First, let's calculate the heat energy required to cool 100 g of water from 37 ºC to 24 ºC using the specific heat equation:
Q = m * c * ΔT
Where:
Q = Heat energy
m = Mass of the water (100 g)
c = Specific heat of water (4.18 J/g-K)
ΔT = Change in temperature (24 ºC - 37 ºC = -13 ºC)
Q = 100 g * 4.18 J/g-K * (-13 ºC)
Q = -5414 J
Next, let's calculate the amount of water that can be cooled by the evaporation of 5414 J of heat energy.

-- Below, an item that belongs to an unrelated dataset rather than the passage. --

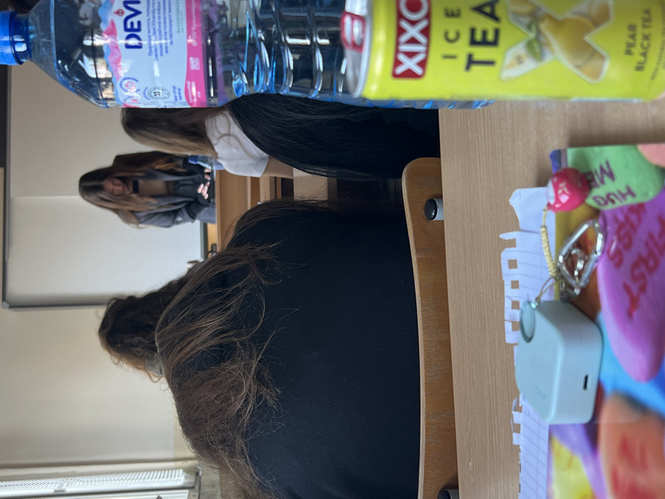The image depicts an indoor classroom or lecture hall environment in Veliko Tarnovo, Bulgaria, captured from a seated perspective. In the immediate foreground, a light-colored wooden desk is visible. On the desk, a piece of paper featuring colorful, heart-shaped candy graphics with text such as "FIRST KISS" and "HUG ME" is present. Resting on this paper is a light blue/grey rectangular electronic device, possibly a portable speaker or tracker, attached to a keychain that includes a metal ring and a small red charm. To the right, a translucent blue plastic bottle of "DEVIN" branded water with Cyrillic text on its label is partially visible. Immediately to the right of the water bottle, a yellow aluminum can of "XIXO ICE TEA" (Pear Black Tea flavor) is also partially visible, with its top slightly out of frame. The mid-ground features the back of a person with long, dark brown hair occupying a wooden chair directly in front of the camera, wearing a dark top. To the right of this person, a portion of another individual's head and shoulder, also with dark hair, is visible. In the background, multiple individuals are seated at desks, facing forward. One person with long, dark hair is prominent at the front of the room, standing behind a wooden lectern or desk and looking down at a device, possibly a tablet or phone. This individual wears a grey jacket over a light brown top with a cut-out detail. To their right, the side of another student with long brown hair is visible. The background also shows a large white board on the wall, and to the far left, a window with vertical blinds is partially visible, indicating natural light. The overall scene suggests an academic setting, likely a lecture or class. The "DEVIN" water bottle, a prominent Bulgarian brand, confirms the specific location in Veliko Tarnovo, Bulgaria, as instructed.

Since the heat of vaporization of water is 2.4 kJ/g, we can convert 5414 J to kJ:
5414 J = 5414 J / 1000 = 5.414 kJ
Now, let's divide the heat energy by the heat of vaporization to find the amount of water that can be cooled:
Amount of water = 5.414 kJ / 2.4 kJ/g
Amount of water = 2.26 g
Since we know that the density of water is 1 g/mL, we can convert 2.26 g to liters:
Amount of water = 2.26 g * (1 mL / 1 g) * (1 L / 1000 mL)
Amount of water = 0.00226 L
Therefore, approximately 0.00226 liters of water can be cooled from 37 ºC to 24 ºC by the evaporation of 100 g of water.